* ASSIGNMENT
A verbatim copy of all the data is required, minus any images.

** Opening MATERIAL PROVIDED block **

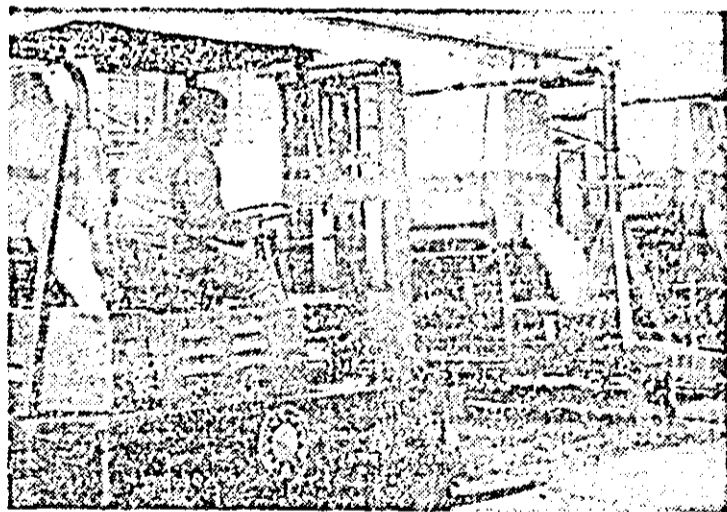
I.M.A. Un nou lot de utilaje este gata de a fi livrat beneficiarilor.
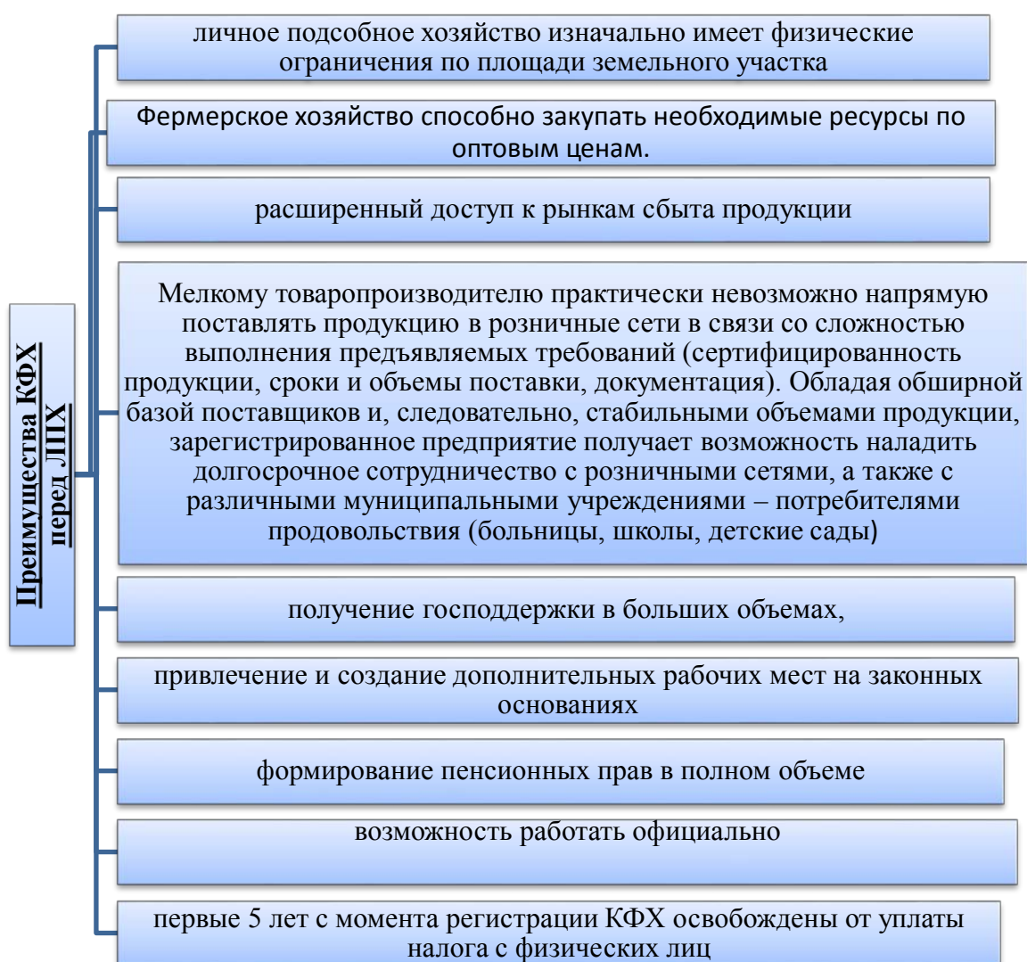
Рис..2 Преимущества КФХ перед ЛПХ

В этой связи, фермерам гораздо проще реорганизовать зарегистрированное предприятие и продолжать существовать в форме личного подсобного хозяйства. Но с точки зрения развития аграрного производства в стране и увеличения качества жизни населения КФХ имеет ряд преимуществ перед ЛПХ (Рисунок 2).

** Closing MATERIAL PROVIDED block **

* SOLUTION FOR THIS EXERCISE
I.M.A. Un nou lot de utilaje este gata de a fi livrat beneficiarilor.
Рис..2 Преимущества КФХ перед ЛПХ

В этой связи, фермерам гораздо проще реорганизовать зарегистрированное предприятие и продолжать существовать в форме личного подсобного хозяйства. Но с точки зрения развития аграрного производства в стране и увеличения качества жизни населения КФХ имеет ряд преимуществ перед ЛПХ (Рисунок 2).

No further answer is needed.